The answer must be an exact transcription of the lines below from the first through the one containing "server control panel.", with the pictures left out; please add nothing else.

**DATA PROVIDED:**
---

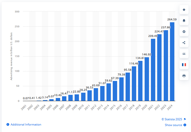 Capture d’écran Statista, novembre 2025Les expérimentations de Google incluent désormais l’affichage d’annonces au sein des AI Overviews, ce qui a déjà entraîné une hausse des ventes d’espaces publicitaires sur Search. Il est probable que des formats payants similaires apparaissent pour le AI Mode, optimisés par une meilleure compréhension de l’intention utilisateur.
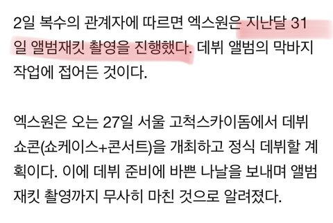 '프듀X101' 엑스원, 앨범재킷 촬영 마쳤다..데뷔 준비 박차
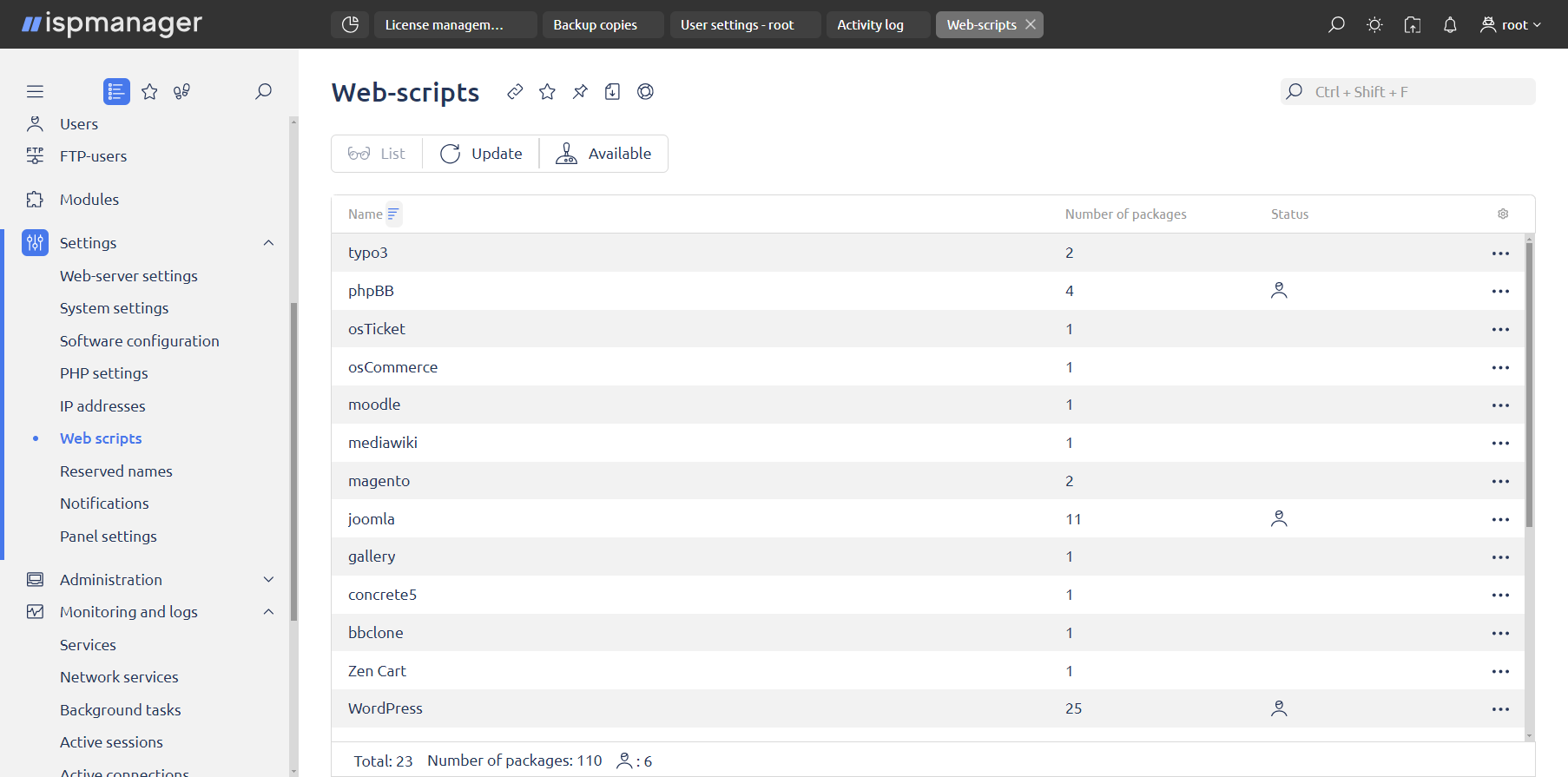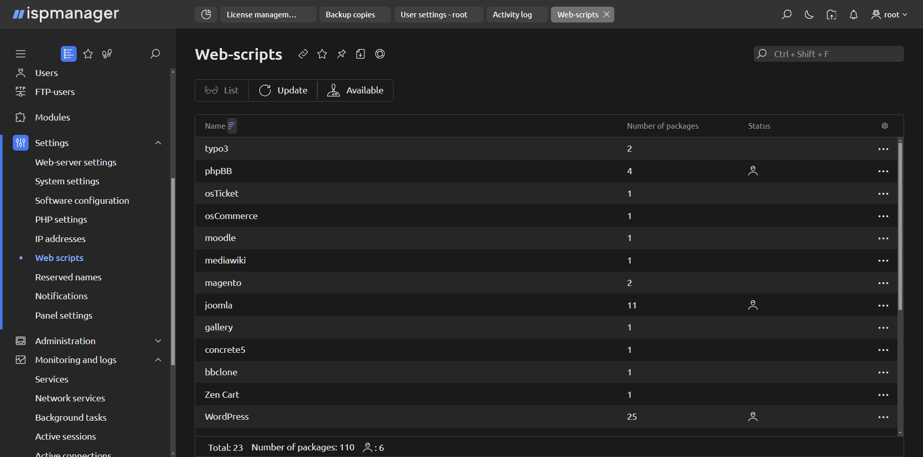 • Ispmanager web server control panel.
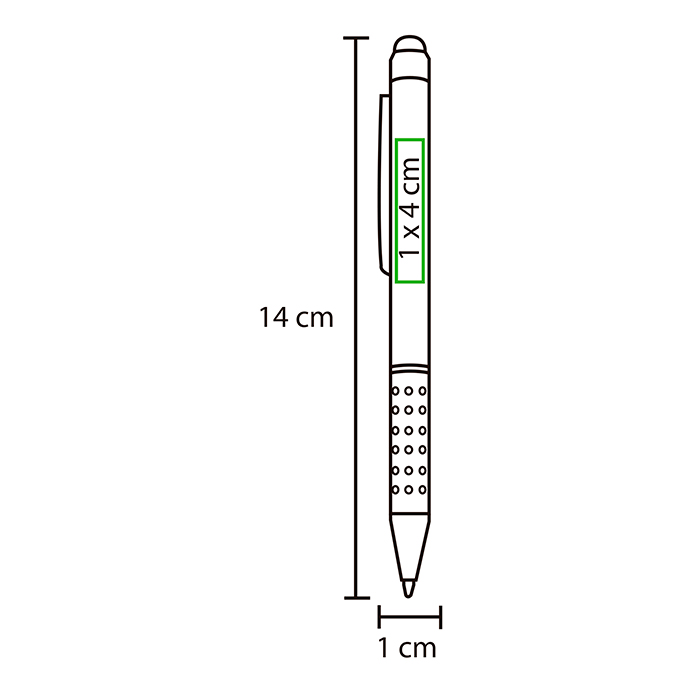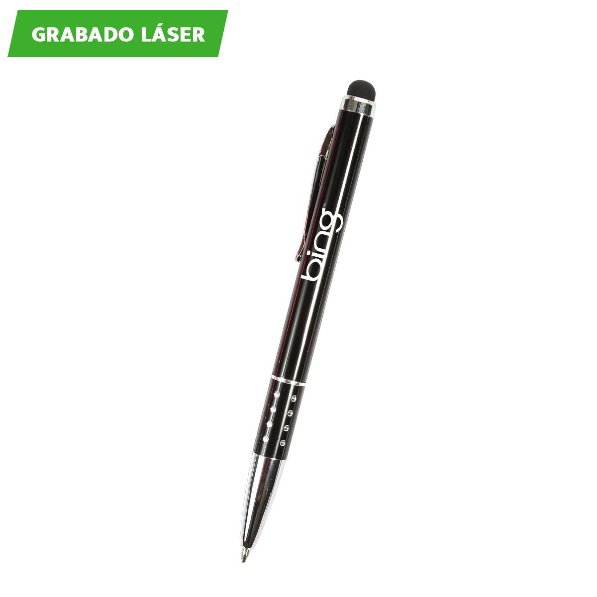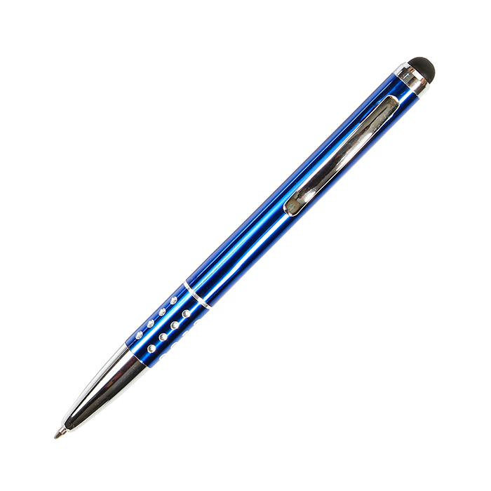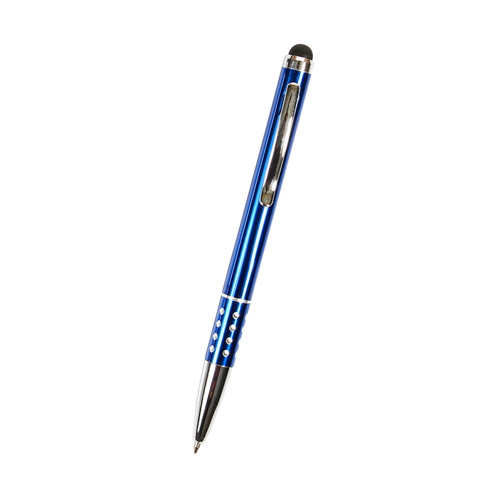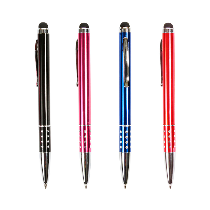 Bolígrafo metálico con puntero touch, clip y punta con acabado metálico, detalle tipo piedra brillante en grip y estuche triangular de plástico transparente. Tinta de escritura negra.

---

**EXERCISE RESPONSE:**
 Capture d’écran Statista, novembre 2025Les expérimentations de Google incluent désormais l’affichage d’annonces au sein des AI Overviews, ce qui a déjà entraîné une hausse des ventes d’espaces publicitaires sur Search. Il est probable que des formats payants similaires apparaissent pour le AI Mode, optimisés par une meilleure compréhension de l’intention utilisateur.
 '프듀X101' 엑스원, 앨범재킷 촬영 마쳤다..데뷔 준비 박차
 • Ispmanager web server control panel.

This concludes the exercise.